A Look At TransUnion (TRU) Valuation After Earnings Beat Outlook Upgrade And New Google Partnership

TransUnion

TransUnion

TRU

0.00

TransUnion (TRU) is in focus after first quarter 2026 adjusted earnings of US$1.18 per share exceeded estimates, and management raised its 2026 outlook, alongside a new Google partnership for YouTube ad measurement.

Despite the upbeat first quarter results and the new Google integration, TransUnion's share price has declined 14.1% year to date and the 1 year total shareholder return is down 15.9%, suggesting recent news is being weighed against longer running concerns.

If strong data and advertising trends have your attention, it could be worth broadening your watchlist to see what else is gaining traction through the 60 profitable AI stocks that aren't just burning cash

With earnings ahead of expectations, an updated 2026 outlook and a new Google partnership in place, the stock still sits well below its 1-year level. This raises the question of whether there is genuine value here or if the market is already pricing in future growth.

Most Popular Narrative: 21.6% Undervalued

TransUnion's most followed narrative pegs fair value at $91.33, comfortably above the last close of $71.56, and builds a case around data driven growth and efficiency.

Strategic innovation investments including AI, machine learning, and the roll-out of the global cloud-native OneTru platform are driving efficiency, faster product launches, better cross-sell opportunities, and improved customer retention, positioning TransUnion to grow earnings with higher operating leverage and net margins as technology transformation costs subside post-2025.

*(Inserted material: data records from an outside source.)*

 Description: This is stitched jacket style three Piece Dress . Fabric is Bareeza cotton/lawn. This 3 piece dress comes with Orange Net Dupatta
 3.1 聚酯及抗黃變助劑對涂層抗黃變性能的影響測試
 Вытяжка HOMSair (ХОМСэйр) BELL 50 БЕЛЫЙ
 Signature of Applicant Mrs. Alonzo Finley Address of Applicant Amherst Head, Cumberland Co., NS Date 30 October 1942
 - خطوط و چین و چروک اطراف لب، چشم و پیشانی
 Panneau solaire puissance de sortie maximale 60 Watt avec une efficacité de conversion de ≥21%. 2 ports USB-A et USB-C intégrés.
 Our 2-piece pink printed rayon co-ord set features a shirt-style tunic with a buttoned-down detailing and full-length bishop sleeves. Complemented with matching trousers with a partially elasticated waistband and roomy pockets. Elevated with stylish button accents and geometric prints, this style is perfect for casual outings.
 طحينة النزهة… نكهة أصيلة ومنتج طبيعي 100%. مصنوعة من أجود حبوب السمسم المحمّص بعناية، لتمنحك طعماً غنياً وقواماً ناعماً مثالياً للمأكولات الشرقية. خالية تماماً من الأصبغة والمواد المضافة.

Curious what growth path justifies that higher fair value. The narrative leans on steady revenue expansion, firm profitability and a rich future earnings multiple. Want to see which assumptions really drive that $91.33 figure.

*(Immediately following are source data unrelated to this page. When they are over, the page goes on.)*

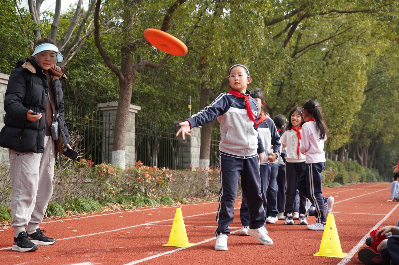 三年级·飞盘传接:跑道东侧,橙色飞盘成为传递快乐与勇气的信使。同学们分列两端、面对面站立,眼神紧紧锁定飞盘,精准传接、默契配合。即便飞盘偶尔落地,大家也毫不气馁,迅速捡起、重新出发,那份执着与坚持,赢得了场边师生的阵阵掌声。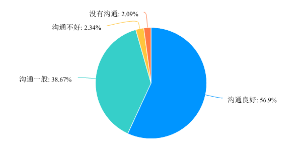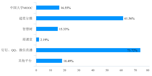 学生调查结果显示,与线下课堂教学相比,89.83%的学生认为老师线上教学的安排合理,86.86%的学生认为线上教学的课程目标及学习任务很清晰,84.44%的学生认为课程资料比较完备,86.37%的学生认为老师安排了合理的线上答疑或讨论,73.73%的学生认为老师比较了解学生在线学习的实际情况和学习效果,69.02%的学生认为作业或任务量适中,没有负担,56.9%的学生认为与教师沟通良好,63.89%的学生认为线上教学效果比较好。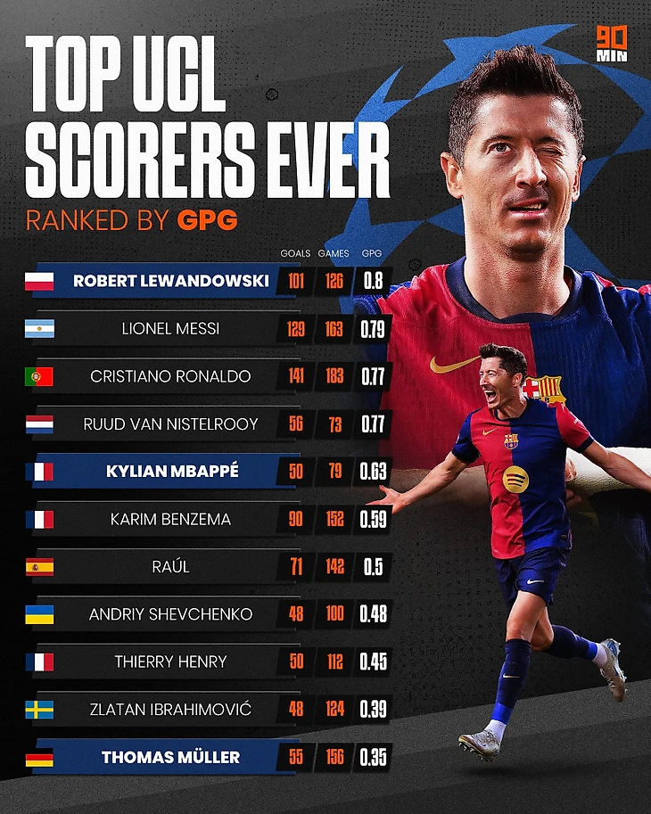 Поляк забил 101 гол, что позволило ему занять третью строчку в рейтинге лучших бомбардиров в истории турнира. Нападающего опережают двое: Лео Месси (129 голов) и Криштиану Роналду (141 гол). Все же Роберт обходит легенд по одному показателю – среднее количество голов за матч.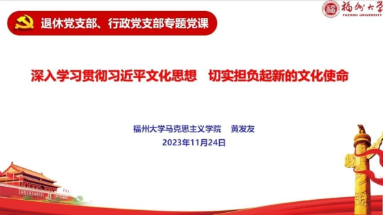 为深入学习领会、坚决贯彻落实习近平文化思想,不断增强党组织的凝聚力和战斗力,11月24日,德赢官网党委书记黄发友教授为退休干部党支部和行政党支部上题为《深入学习贯彻习近平文化思想 切实担负起新的文化使命》的专题党课。
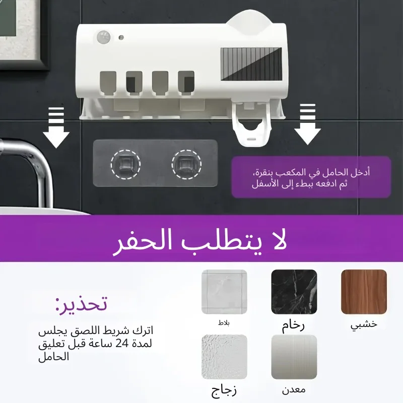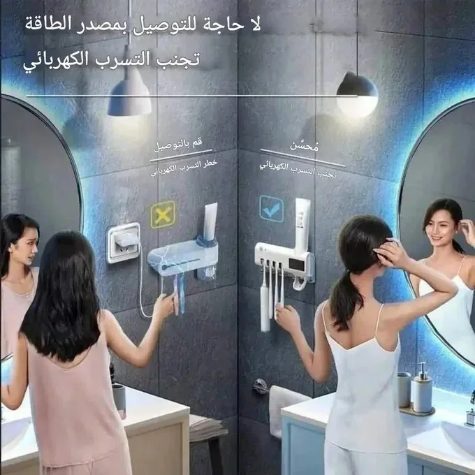 حافظ على صحة عائلتك ونظافة فرش الأسنان مع حامل فرش الأسنان الذكي المصمم بتقنية حديثة تجمع بين التعقيم، الذكاء، والتصميم العصري.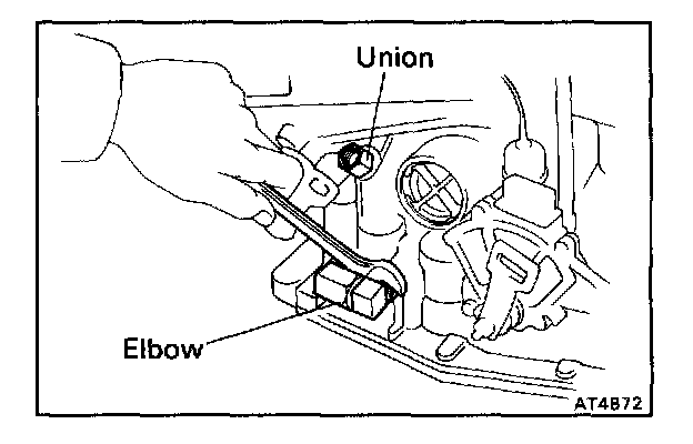 c. Install the union and elbow to the transaxle case.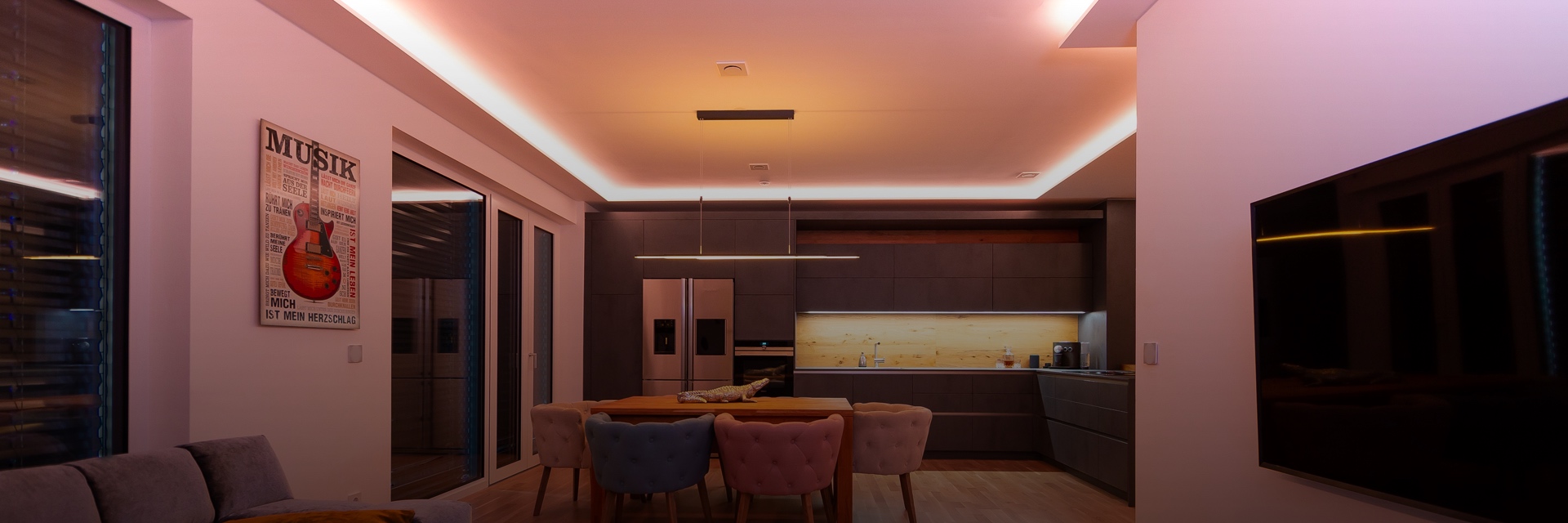 Aber auch in der Nacht kann indirekte Beleuchtung nützlich sein – stehen Sie nachts mal auf, begleitet Sie Ihre Smart Home Beleuchtung mit sanft gedimmten Licht auf Ihrem nächtlichen Weg.

Result: Fair Value of $91.33 (UNDERVALUED)

However, it is still worth weighing the risk that tighter data privacy rules or a significant cyber incident could pressure margins and challenge confidence in those higher earnings assumptions.

Next Steps

Given the mix of concerns and optimism in this story, the best next step is to review the numbers yourself and decide what really matters to you, then weigh the balance of 5 key rewards and 2 important warning signs

Looking for more investment ideas?

If this TransUnion story has sparked your curiosity, do not stop here, some of the most interesting opportunities emerge when you compare different types of stocks side by side.

  • Spot potential bargains by scanning companies that combine quality metrics with appealing valuations through the 46 high quality undervalued stocks.
  • Prioritize resilience by searching for businesses highlighted in the 63 resilient stocks with low risk scores that score well on financial strength and risk checks.
  • Hunt for future standouts by reviewing lesser known stocks with robust fundamentals in the screener containing 22 high quality undiscovered gems.

This article by Simply Wall St is general in nature. We provide commentary based on historical data and analyst forecasts only using an unbiased methodology and our articles are not intended to be financial advice. It does not constitute a recommendation to buy or sell any stock, and does not take account of your objectives, or your financial situation. We aim to bring you long-term focused analysis driven by fundamental data. Note that our analysis may not factor in the latest price-sensitive company announcements or qualitative material. Simply Wall St has no position in any stocks mentioned.